Be careful when there's some resource in `STARTING` state. If that's so,
check
`/usr/bin/tail -F -n +0 /var/log/resallocserver/hooks/013594_alloc`.
Copr takes tickets from resalloc server; and if the resources fail to
spawn, the ticket numbers are not assigned with appropriately tagged
resource for a long time.
If that happens (it shouldn't) and there's some inconsistency between
resalloc's database and the actual status on aarch64 hypervisors
(`ssh copr@virthost-aarch64-os0{1,2}.fedorainfracloud.org`) - use
`virsh` there to introspect theirs statuses - use
`resalloc-maint resource-delete`, `resalloc ticket-close` or `psql`
commands to fix-up the resalloc's DB.
=== Backend Troubleshoting
Information about status of Copr backend services:
....
systemctl status copr-backend*.service
....
Utilization of workers:
....
ps axf
....
Worker process change $0 to list which task they are working on and on
which builder.
To list which VM builders are tracked by copr-vmm service:
....
/usr/bin/copr_get_vm_info.py
....
=== Appstream builder troubleshoting
Appstream builder is painfully slow when running on a repository with a
huge amount of packages. See
https://github.com/hughsie/appstream-glib/issues/301 . You might need to
disable it for some projects:
....
$ ssh root@copr-be.cloud.fedoraproject.org
$ cd /var/lib/copr/public_html/results/<owner>/<project>/
$ touch .disable-appstream
# You should probably also delete existing appstream data because
# they might be obsolete
$ rm -rf ./appdata
....
=== Backend action queue issues
First check the _number of not-yet-processed actions_. If that
number isn't equal to zero, and is not decrementing relatively fast (say
single action takes longer than 30s) -- there might be some problem.

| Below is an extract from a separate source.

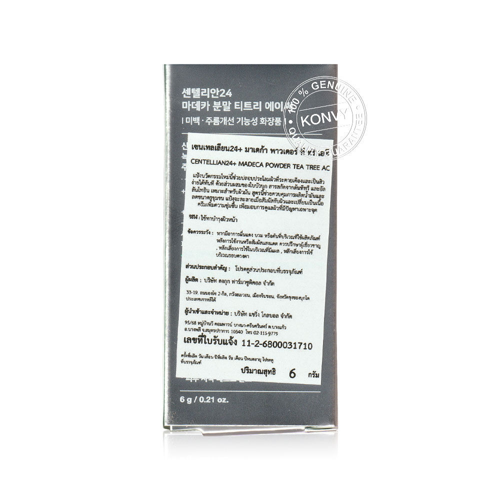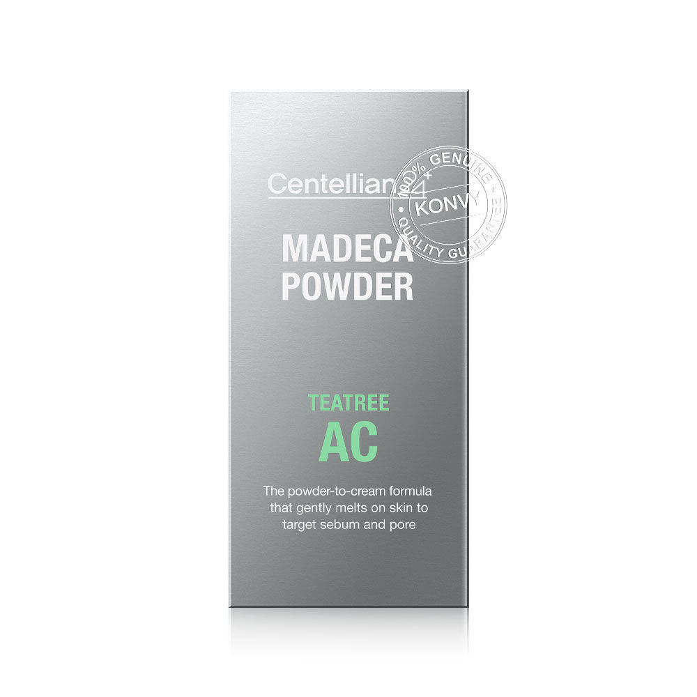 Centellian24 Madeca Powder Tea Tree AC 6g ผงทีทรีเข้มข้นพิเศษ ที่ละลายเป็นครีมทันทีที่สัมผัสผิว ช่วยปลอบประโลมผิวอักเสบ-เป็นสิวง่าย ลดความมัน และช่วยให้รูขุมขนดูเล็กลง มอบความรู้สึกสดชื่น พร้อมปรับสมดุลผิว

Logs for the action dispatcher can be found in:
....
/var/log/copr-backend/action_dispatcher.log
....
Check if there's no stucked process under `Action dispatch` parent
process in `pstree -a copr` output.
== Deploy information
Using playbooks and rbac:
....
$ sudo rbac-playbook groups/copr-backend.yml
$ sudo rbac-playbook groups/copr-frontend-cloud.yml
$ sudo rbac-playbook groups/copr-keygen.yml
$ sudo rbac-playbook groups/copr-dist-git.yml
....
The
https://pagure.io/copr/copr/blob/main/f/copr-setup.txt[copr-setup.txt]

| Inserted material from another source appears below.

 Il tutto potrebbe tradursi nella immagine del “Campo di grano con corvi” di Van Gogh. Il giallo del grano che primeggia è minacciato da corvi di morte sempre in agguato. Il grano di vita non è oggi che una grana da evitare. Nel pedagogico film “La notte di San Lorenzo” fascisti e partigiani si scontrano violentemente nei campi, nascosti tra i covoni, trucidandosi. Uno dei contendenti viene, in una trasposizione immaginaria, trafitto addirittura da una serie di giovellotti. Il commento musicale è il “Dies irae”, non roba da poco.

manual is severely outdated, but there is
no up-to-date alternative. We should extract useful information from it
and put it here in the SOP or into
https://docs.pagure.org/copr.copr/maintenance_documentation.html and
then throw the _copr-setup.txt_ away.
On backend should run copr-backend service (which spawns several
processes). Backend spawns VM from Fedora Cloud. You could not login to
those machines directly. You have to:
....
$ ssh root@copr-be.cloud.fedoraproject.org
$ su - copr
$ copr_get_vm_info.py
# find IP address of the VM that you want
$ ssh root@172.16.3.3
....
Instances can be easily terminated in
https://fedorainfracloud.org/dashboard
=== Order of start up
When reprovision you should start first: copr-keygen and copr-dist-git
machines (in any order). Then you can start copr-be. Well you can start
it sooner, but make sure that copr-* services are stopped.

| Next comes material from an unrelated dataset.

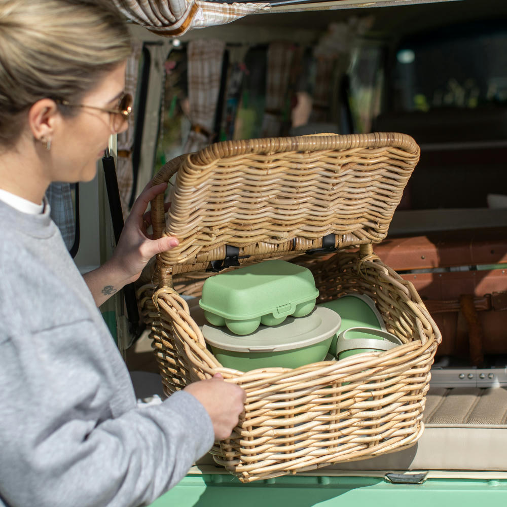 EGGS TO GO ist perfekt zum Einkaufen auf dem Markt oder im nächsten Hofladen. Die Box transportiert bis zu sechs Eier sicher nach Hause und spart dazu jede Menge Einwegverpackungen. Sie hat einen praktischen Clipverschluss zum einfachen Öffnen und Schließen und das stoßfeste Material verhindert zuverlässig, dass die Eier beschädigt oder zerdrückt werden. Im Kühlschrank können die Boxen problemlos gestapelt werden, so bleibt mehr Stauraum für weitere Lebensmittel.

Copr-fe machine is completly independent and can be start any time. If
backend is stopped it will just queue jobs.
== Logs
=== Backend
* /var/log/copr-backend/action_dispatcher.log
* /var/log/copr-backend/actions.log
* /var/log/copr-backend/backend.log
* /var/log/copr-backend/build_dispatcher.log
* /var/log/copr-backend/logger.log
* /var/log/copr-backend/spawner.log
* /var/log/copr-backend/terminator.log
* /var/log/copr-backend/vmm.log
* /var/log/copr-backend/worker.log
And several logs for non-essential features such as
copr_prune_results.log, hitcounter.log, cleanup_vms.log, that you
shouldn't be worried with.
=== Frontend
* /var/log/copr-frontend/frontend.log
* /var/log/httpd/access_log
* /var/log/httpd/error_log
=== Keygen
* /var/log/copr-keygen/main.log
=== Dist-git
* /var/log/copr-dist-git/main.log
* /var/log/httpd/access_log
* /var/log/httpd/error_log
== Services
=== Backend
* copr-backend
** copr-backend-action
** copr-backend-build
** copr-backend-log
** copr-backend-vmm
* redis
* lighttpd
All the _copr-backend-*.service_ are configured to be a part
of the _copr-backend.service_ so e.g. in case of restarting
all of them, just restart the _copr-backend.service_.
=== Frontend
* httpd
* postgresql
=== Keygen
* signd
=== Dist-git
* httpd
* copr-dist-git
== PPC64LE Builders
Builders for PPC64 are located at rh-power2.fit.vutbr.cz and anyone with
access to buildsys ssh key can get there using keys as::
msuchy@rh-power2.fit.vutbr.cz
There are commands:
....
$ ls bin/
destroy-all.sh reinit-vm26.sh
reinit-vm28.sh virsh-destroy-vm26.sh virsh-destroy-vm28.sh
virsh-start-vm26.sh virsh-start-vm28.sh get-one-vm.sh reinit-vm27.sh
reinit-vm29.sh virsh-destroy-vm27.sh virsh-destroy-vm29.sh
virsh-start-vm27.sh virsh-start-vm29.sh
....
`destroy-all.sh` destroy all VM and reinit them
`reinit-vmXX.sh` copy VM image from template
`virsh-destroy-vmXX.sh` destroys VM
`virsh-start-vmXX.sh` starts VM
`get-one-vm.sh` start one VM and return its IP - this is used in Copr playbooks.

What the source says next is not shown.